**WHAT YOU SHOULD DO**
Return all the lines below exactly. Any picture among them is omitted.

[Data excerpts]

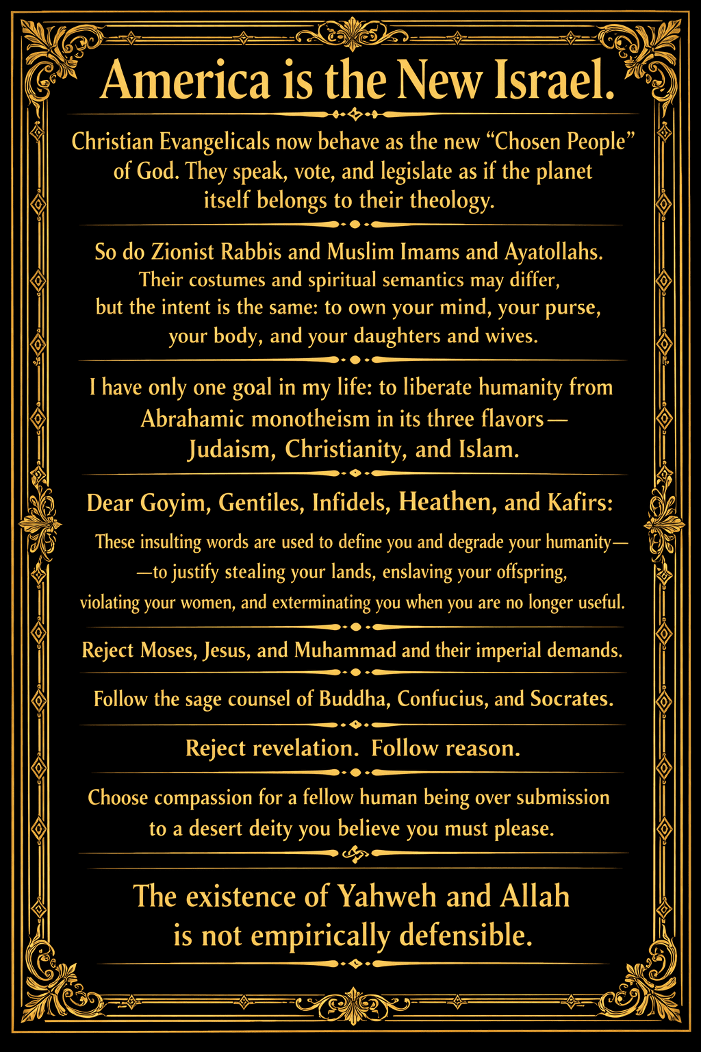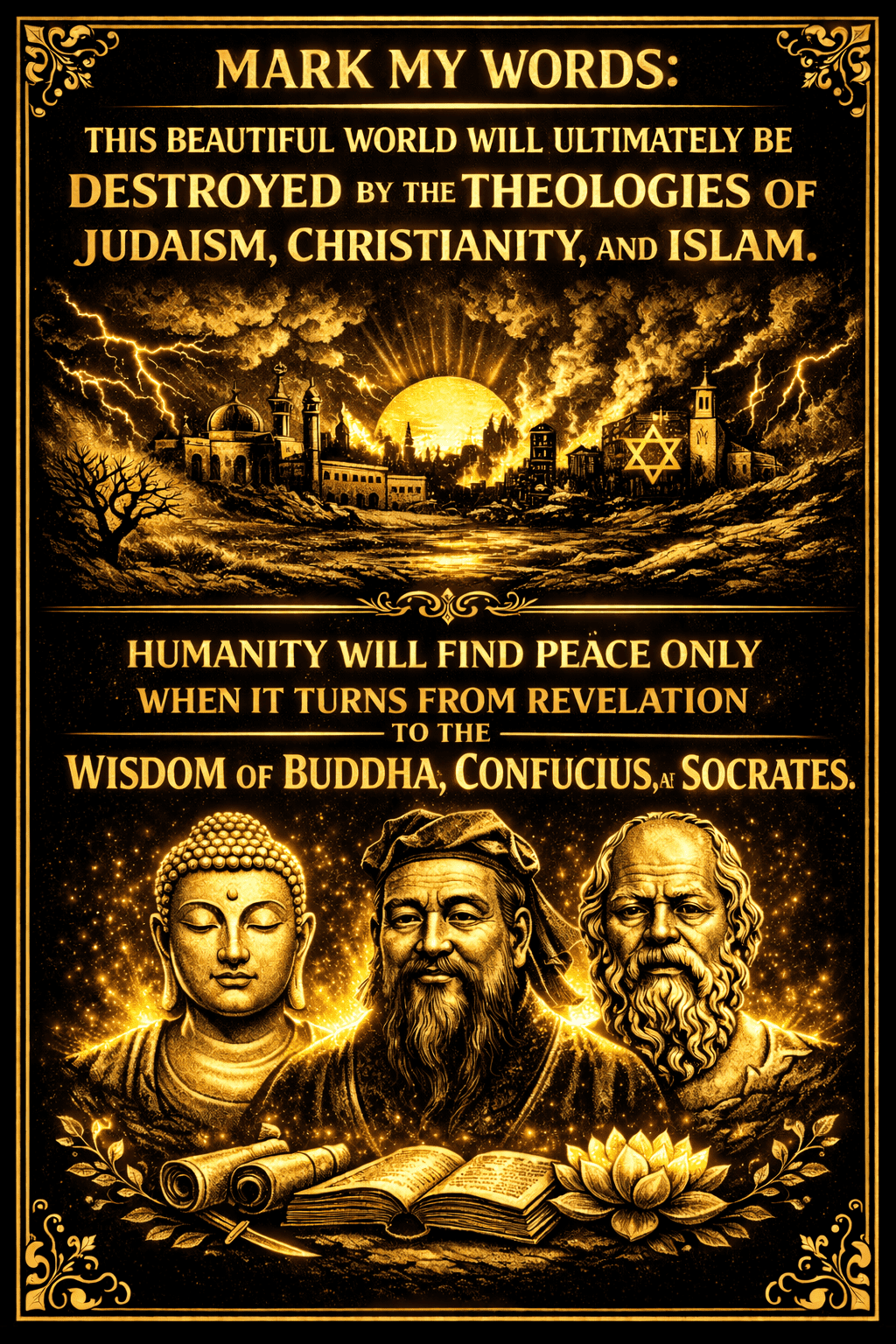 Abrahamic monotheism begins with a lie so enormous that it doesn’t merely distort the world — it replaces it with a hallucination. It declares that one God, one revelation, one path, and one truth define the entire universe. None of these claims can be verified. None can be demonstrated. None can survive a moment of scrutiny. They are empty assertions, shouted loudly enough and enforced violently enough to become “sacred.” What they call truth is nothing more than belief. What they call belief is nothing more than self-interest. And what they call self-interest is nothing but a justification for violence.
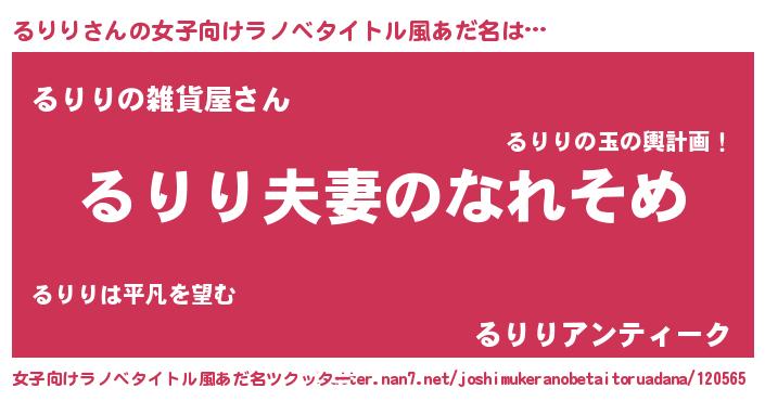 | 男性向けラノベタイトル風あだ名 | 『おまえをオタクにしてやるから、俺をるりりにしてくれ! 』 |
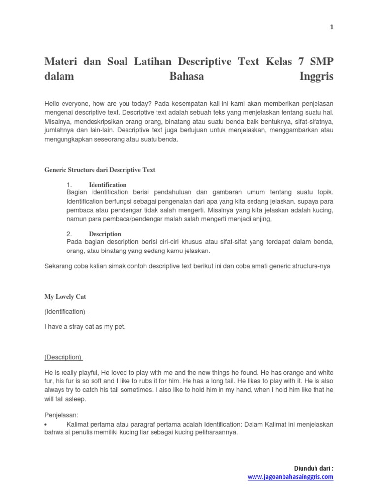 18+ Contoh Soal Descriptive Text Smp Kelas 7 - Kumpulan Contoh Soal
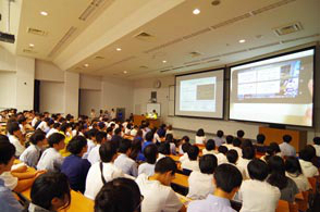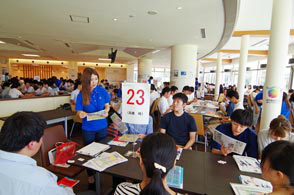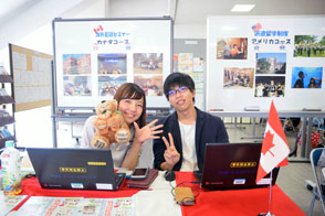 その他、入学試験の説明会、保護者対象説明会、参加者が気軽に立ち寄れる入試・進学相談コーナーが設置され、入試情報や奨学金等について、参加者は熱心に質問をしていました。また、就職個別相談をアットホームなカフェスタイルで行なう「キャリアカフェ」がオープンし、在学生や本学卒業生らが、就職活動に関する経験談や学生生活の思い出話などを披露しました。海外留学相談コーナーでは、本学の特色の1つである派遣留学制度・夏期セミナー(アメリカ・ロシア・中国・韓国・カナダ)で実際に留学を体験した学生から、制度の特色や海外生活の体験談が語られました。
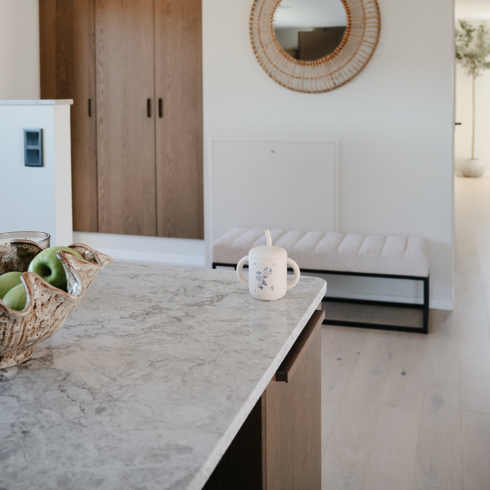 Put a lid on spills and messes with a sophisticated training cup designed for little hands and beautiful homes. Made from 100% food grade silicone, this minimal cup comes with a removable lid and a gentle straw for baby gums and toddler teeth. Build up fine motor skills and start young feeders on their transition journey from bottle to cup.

**RESPONSE TO THE TASK**
 Abrahamic monotheism begins with a lie so enormous that it doesn’t merely distort the world — it replaces it with a hallucination. It declares that one God, one revelation, one path, and one truth define the entire universe. None of these claims can be verified. None can be demonstrated. None can survive a moment of scrutiny. They are empty assertions, shouted loudly enough and enforced violently enough to become “sacred.” What they call truth is nothing more than belief. What they call belief is nothing more than self-interest. And what they call self-interest is nothing but a justification for violence.
 | 男性向けラノベタイトル風あだ名 | 『おまえをオタクにしてやるから、俺をるりりにしてくれ! 』 |
 18+ Contoh Soal Descriptive Text Smp Kelas 7 - Kumpulan Contoh Soal
 その他、入学試験の説明会、保護者対象説明会、参加者が気軽に立ち寄れる入試・進学相談コーナーが設置され、入試情報や奨学金等について、参加者は熱心に質問をしていました。また、就職個別相談をアットホームなカフェスタイルで行なう「キャリアカフェ」がオープンし、在学生や本学卒業生らが、就職活動に関する経験談や学生生活の思い出話などを披露しました。海外留学相談コーナーでは、本学の特色の1つである派遣留学制度・夏期セミナー(アメリカ・ロシア・中国・韓国・カナダ)で実際に留学を体験した学生から、制度の特色や海外生活の体験談が語られました。
 Put a lid on spills and messes with a sophisticated training cup designed for little hands and beautiful homes. Made from 100% food grade silicone, this minimal cup comes with a removable lid and a gentle straw for baby gums and toddler teeth. Build up fine motor skills and start young feeders on their transition journey from bottle to cup.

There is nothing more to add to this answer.